VIPIT, or "vaccine-induced prothrombotic immune thrombocytopenia," is a very rare blood clotting condition that may be associated with COVID-19 vaccines. The condition is thought to occur between 5 and 28 days after some people receive the AstraZeneca vaccine. Most cases occurred in women under 60 years of age.

(It should be noted that some experts are referring to this as vaccine-induced thrombocytopenia and thrombosis (VITT) instead, but the two names both describe the same blood clotting phenomenon.)

Recent research from the European Medicines Agency (EMA) notes that VIPIT is likely to occur one time per every 100,000 shots.
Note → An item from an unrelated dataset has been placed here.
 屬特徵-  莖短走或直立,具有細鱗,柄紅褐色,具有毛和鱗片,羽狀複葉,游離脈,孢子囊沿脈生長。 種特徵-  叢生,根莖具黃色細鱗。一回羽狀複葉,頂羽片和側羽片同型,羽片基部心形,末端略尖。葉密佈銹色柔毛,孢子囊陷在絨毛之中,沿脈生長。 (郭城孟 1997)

The EMA concluded that the benefits of COVID-19 vaccines outweigh the risks. People infected with COVID-19 are 100 times more likely to develop blood clotting than people who are not infected, according to scientists from the University of Oxford. Researchers from the school also noted that the risk of blood clotting after a COVID-19 infection was eight times higher than that of blood clotting after receiving the AstraZeneca COVID-19 vaccine. The virus appears to make blood in infected people more likely to clump up and form clots. While more research is being conducted around the potential links between AstraZeneca's vaccine and VIPIT, the degree of risk remains unclear and there are no obvious risk factors which might make a person more likely to suffer from VIPIT.

The EMA said the link between the vaccine and blood clots is "possible" and suggests including "unusual blood clots with low blood platelets" as very rare side effects of AstraZeneca's vaccine.
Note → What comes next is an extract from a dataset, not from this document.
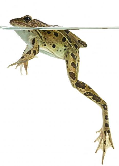 Northern leopard frog at Gavins Point National Fish Hatchery in Yukton, South Dakota. The northern leopard frog is a smooth-skinned green, brown, or sometimes yellow-green frog covered with large, oval dark spots, each surrounded by a lighter halo. This frog requires a mosaic of habitats for all of its life stages and breeds in a variety of aquatic habitats.

Symptoms that make you suspect VIPIT include: • persistent and severe headache • focal neurological symptoms • seizures, or blurred or double vision (suggesting CSVT or arterial stroke) • shortness of breath or chest pain (suggesting pulmonary embolism or acute coronary syndrome) • abdominal pain (suggesting portal vein thrombosis) or limb swelling, redness, pallor, or coldness (suggesting deep vein thrombosis or acute limb ischemia).
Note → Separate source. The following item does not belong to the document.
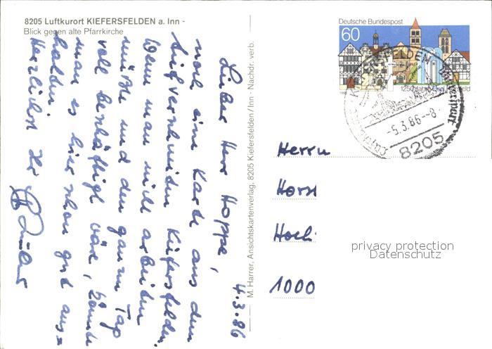 72141565 alte Postkarte Kiefersfelden Teilansicht mit alter Pfarrkirche postalisch gelaufen Erhaltung siehe scans KatCode: 11110009187148

One of the types of blood clotting that occurred as part of VIPIT can cause symptoms similar to a stroke like weakness of limbs and facial muscles, headaches, seizures, and comas.

In April of 2021, Johnson &Johnson's COVID-19 vaccine was also linked with a rare clotting disorder after several people reported VIPIT symptoms. Like AstraZeneca's vaccine, these adenovirus vaccines caused nations to pause their vaccine use until more research could be conducted to determine the link between the shots and the clotting impacts.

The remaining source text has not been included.